### Exercise requirements
Begin at the top of the entries below and write out every line through the one containing "И в самом деле, подавляющее", excluding pictures.

..............................

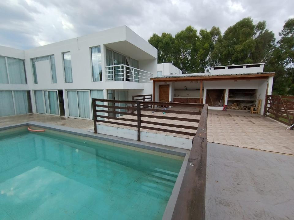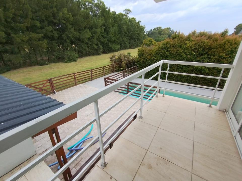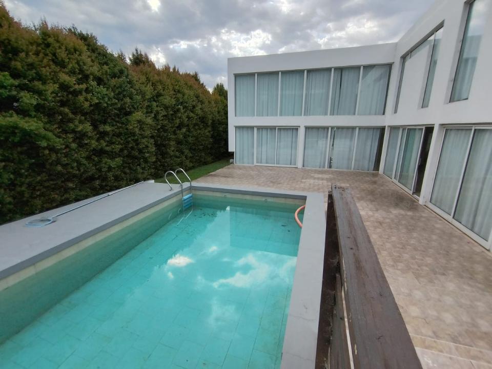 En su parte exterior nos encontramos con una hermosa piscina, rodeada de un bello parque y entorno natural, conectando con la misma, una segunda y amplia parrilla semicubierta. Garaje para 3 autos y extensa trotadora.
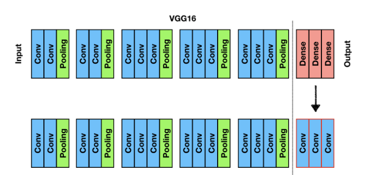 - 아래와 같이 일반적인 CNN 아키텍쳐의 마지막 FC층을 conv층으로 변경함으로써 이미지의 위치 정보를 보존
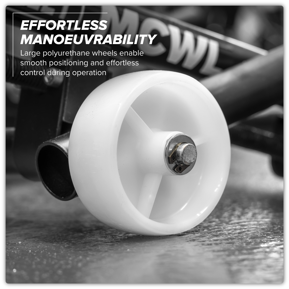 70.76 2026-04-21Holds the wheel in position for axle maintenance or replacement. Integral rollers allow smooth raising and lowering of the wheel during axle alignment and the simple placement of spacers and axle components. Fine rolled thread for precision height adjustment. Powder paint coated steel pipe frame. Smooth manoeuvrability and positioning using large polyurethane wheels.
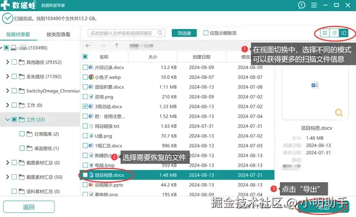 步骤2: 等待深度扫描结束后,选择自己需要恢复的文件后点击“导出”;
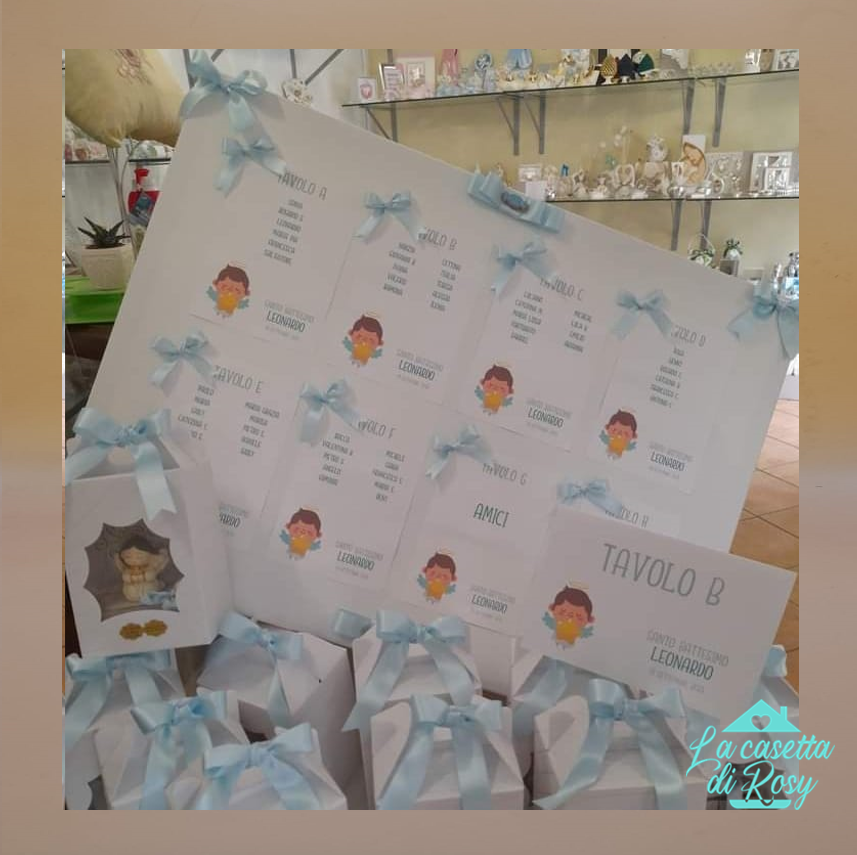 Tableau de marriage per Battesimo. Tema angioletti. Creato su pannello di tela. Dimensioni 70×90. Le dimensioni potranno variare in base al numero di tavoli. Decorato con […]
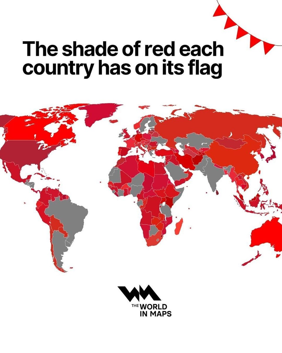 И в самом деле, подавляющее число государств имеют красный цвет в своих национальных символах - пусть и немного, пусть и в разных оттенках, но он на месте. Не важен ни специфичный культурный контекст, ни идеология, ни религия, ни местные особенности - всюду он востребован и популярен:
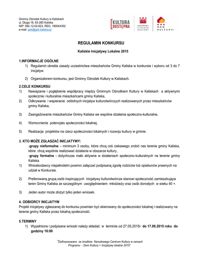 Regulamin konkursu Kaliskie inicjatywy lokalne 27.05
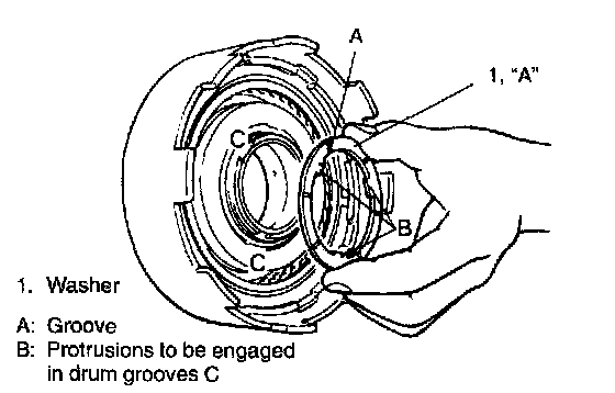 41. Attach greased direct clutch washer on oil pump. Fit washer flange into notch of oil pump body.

..............................

### Response to this task
 En su parte exterior nos encontramos con una hermosa piscina, rodeada de un bello parque y entorno natural, conectando con la misma, una segunda y amplia parrilla semicubierta. Garaje para 3 autos y extensa trotadora.
 - 아래와 같이 일반적인 CNN 아키텍쳐의 마지막 FC층을 conv층으로 변경함으로써 이미지의 위치 정보를 보존
 70.76 2026-04-21Holds the wheel in position for axle maintenance or replacement. Integral rollers allow smooth raising and lowering of the wheel during axle alignment and the simple placement of spacers and axle components. Fine rolled thread for precision height adjustment. Powder paint coated steel pipe frame. Smooth manoeuvrability and positioning using large polyurethane wheels.
 步骤2: 等待深度扫描结束后,选择自己需要恢复的文件后点击“导出”;
 Tableau de marriage per Battesimo. Tema angioletti. Creato su pannello di tela. Dimensioni 70×90. Le dimensioni potranno variare in base al numero di tavoli. Decorato con […]
 И в самом деле, подавляющее число государств имеют красный цвет в своих национальных символах - пусть и немного, пусть и в разных оттенках, но он на месте. Не важен ни специфичный культурный контекст, ни идеология, ни религия, ни местные особенности - всюду он востребован и популярен:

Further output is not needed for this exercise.